10. Does the organisation participate or have any say in the audit process? At what point in time will the organisation be advised that the doctor is under audit?

The Department will contact the organisation as soon as it is satisfied that there is a relationship between the practitioner and the organisation in relation to the services being audited.

Both the organisation and the practitioner will be provided an opportunity to supply documents, and make submissions prior to a shared debt determination being made.

A notice of intention to share the debt will be issued to both parties and submissions on the proposed outcome will be invited. These submissions will be considered by the decision-maker prior to making a decision.

After a decision, both parties will have the opportunity to apply for a review of the decision.

11. Can a health practitioner or organisation agree to take responsibility for all debts raised absolving the other party of responsibility?
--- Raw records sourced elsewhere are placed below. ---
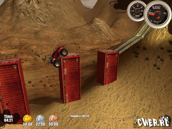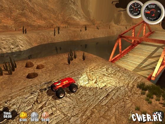 Внедорожные монстры покоряют высоту мертвых петель, перепрыгивают через пропасти, катаются сквозь трубы и выполняют другие сумасшедшие трюки. Одним словом, делают всё то, за что в реальной жизни отбирают права. В игре отличная графика, реалистичная физика, несколько десятков трасс, а также 5 внедорожников, включая 3 секретных.
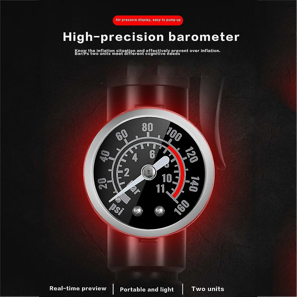 Max capacity can reach 160 psi, powerful enough to inflate your bike tire.
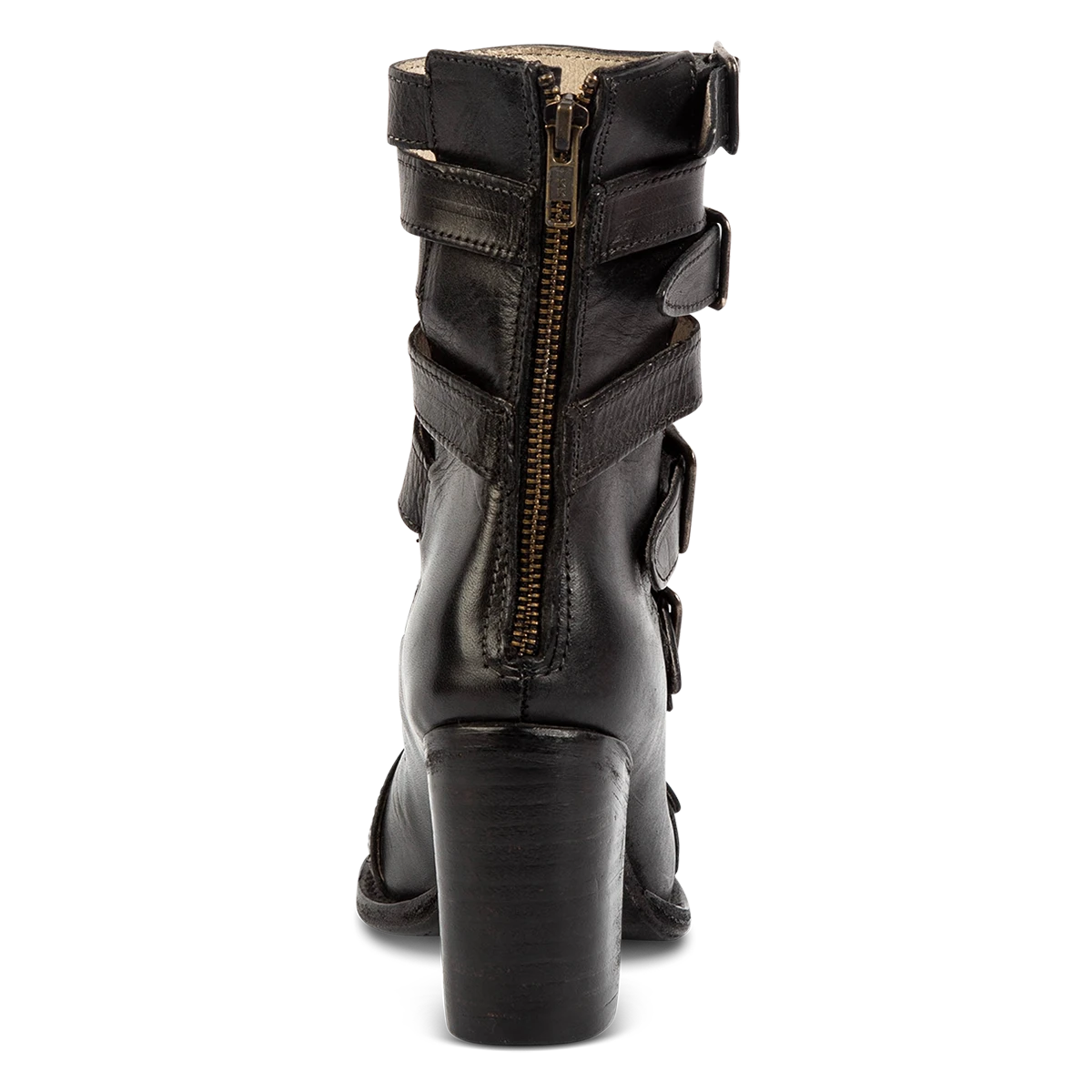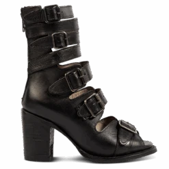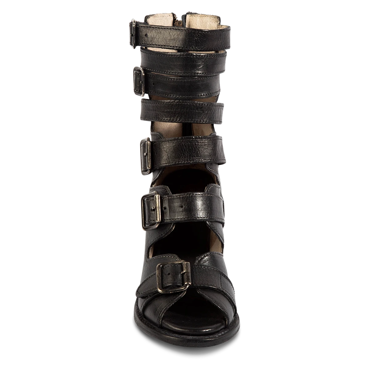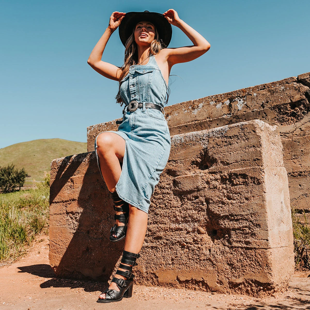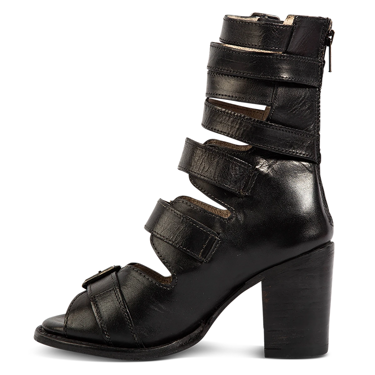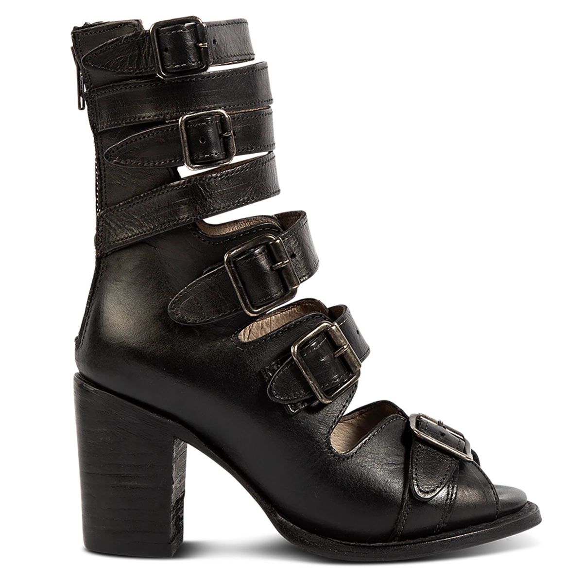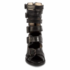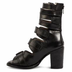The name’s BOND. Hitting just below the calf, BOND’s exposed silhouette was designed with adjustable straps and brass buckles for a flexible fit. Raised well off the ground, this sandal is finished with a block heel and working brass zip closure. Now that’s a shoe to die for.

During the course of an audit a practitioner or organisation may advise the Department that they wish to acknowledge a debt and repay the amount owing. The decision-maker may decide in these circumstances not to make a shared debt determination because it would not be fair and reasonable to do so. However, this decision would be based on the evidence before the decision-maker and not solely on the basis that the practitioner or organisation offered to repay the debt. The decision maker would consider the responsibility the practitioners have to ensure that claims made under their provider number are correct and whether the secondary debtor:

  • could have controlled or influenced the making of the false or misleading statement;
  • obtained a direct or indirect financial benefit from the making of the false or misleading statement, and/or there are other factors that make it fair and reasonable for a shared debt determination to be made.
12. Will the Scheme apply retrospectively?

The Scheme will only apply to audits commenced from 1 July 2019 in relation to services provided from 1 July 2018 onwards.
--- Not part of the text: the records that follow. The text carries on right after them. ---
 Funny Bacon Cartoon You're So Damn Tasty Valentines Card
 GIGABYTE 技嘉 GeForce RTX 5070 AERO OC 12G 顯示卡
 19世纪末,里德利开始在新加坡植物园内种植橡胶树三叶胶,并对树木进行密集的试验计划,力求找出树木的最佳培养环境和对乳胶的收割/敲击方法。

If you are the subject of a Medicare audit you will receive a letter containing a request for documents. The letter will clearly identify if the Shared Debt Recovery Scheme could apply in relation to that audit.
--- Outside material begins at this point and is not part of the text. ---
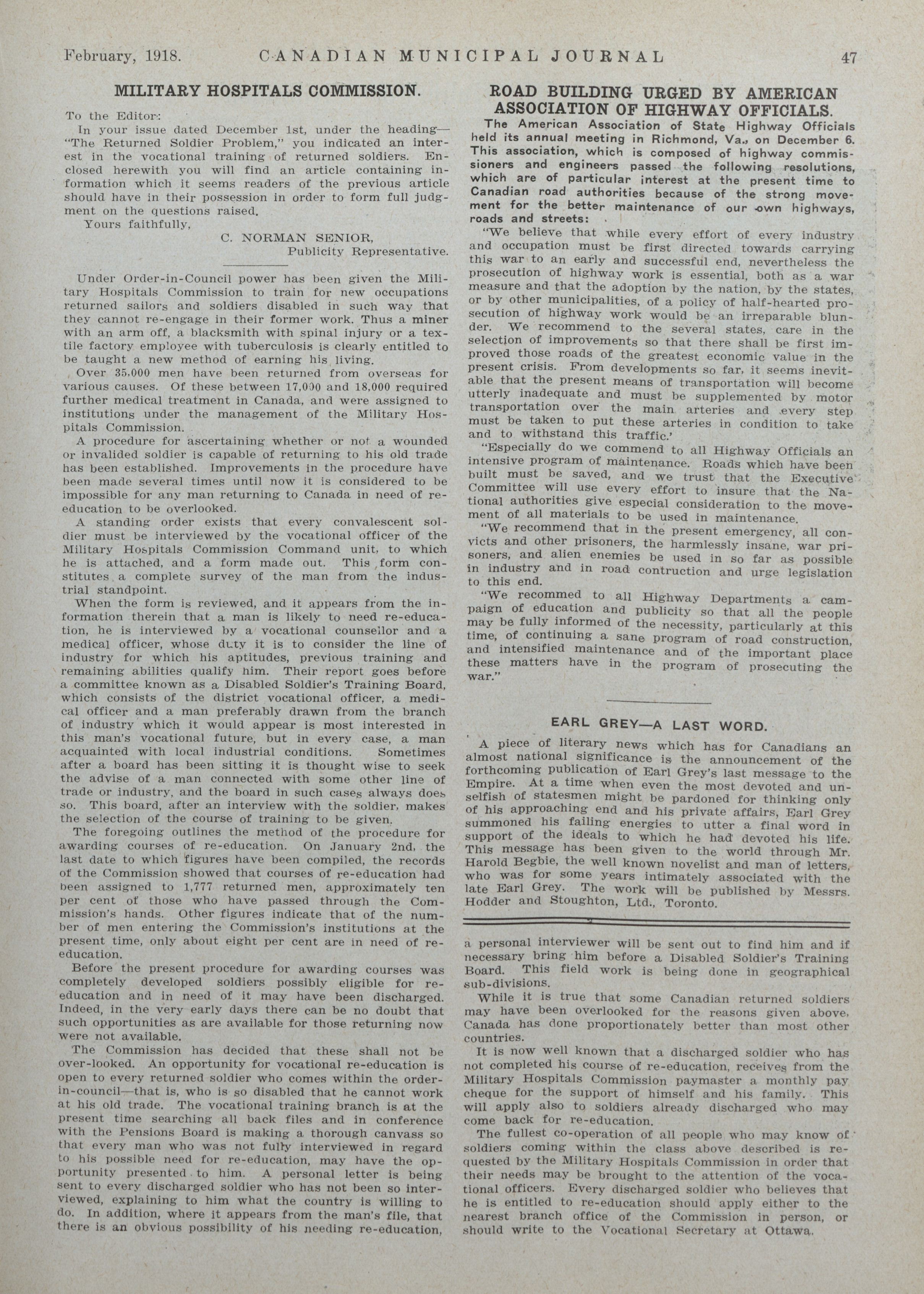 The Canadian Municipal Journal. : Vol. XIV, No. 2 (February, 1918)

13. Will the debts be recoverable from businesses that go into liquidation or an individual who declares bankruptcy?

The Department will take all appropriate and available action to recover debts owed to the Commonwealth.

14. Can a contractual arrangement between a Medicare provider and an organisation indemnify either party from owing a debt under the Scheme?

There is no provision in the Health Insurance Act that enables either party to be indemnified from the Scheme. When making a decision to share the debt, the Department will consider:

  • whether the relationship of the secondary debtor with the primary debtor was such that the secondary debtor could have controlled or influenced the circumstances that led to the making of the false or misleading statement to which the debt relates;
  • whether the secondary debtor directly or indirectly obtained a financial benefit from the making of the false or misleading statement;
  • whether any other factors in all the circumstances of the case make it fair and reasonable for the determination to be made.
In considering these factors, the Department is not bound to any terms or conditions in a contract between the primary and secondary debtor including those that would seek to indemnify either party.

The Department encourages parties to seek legal advice in relation to employment or other contractual arrangements which seek to indemnify either party from a compliance debt.

In addition, it is important that practitioners whose provider numbers are used to claim Medicare benefits retain responsibility for ensuring that claims being made in their name could not constitute a false or misleading statement. The Department encourages practitioners to ensure they regularly review claims made on their behalf and have oversight of billing for services they provide.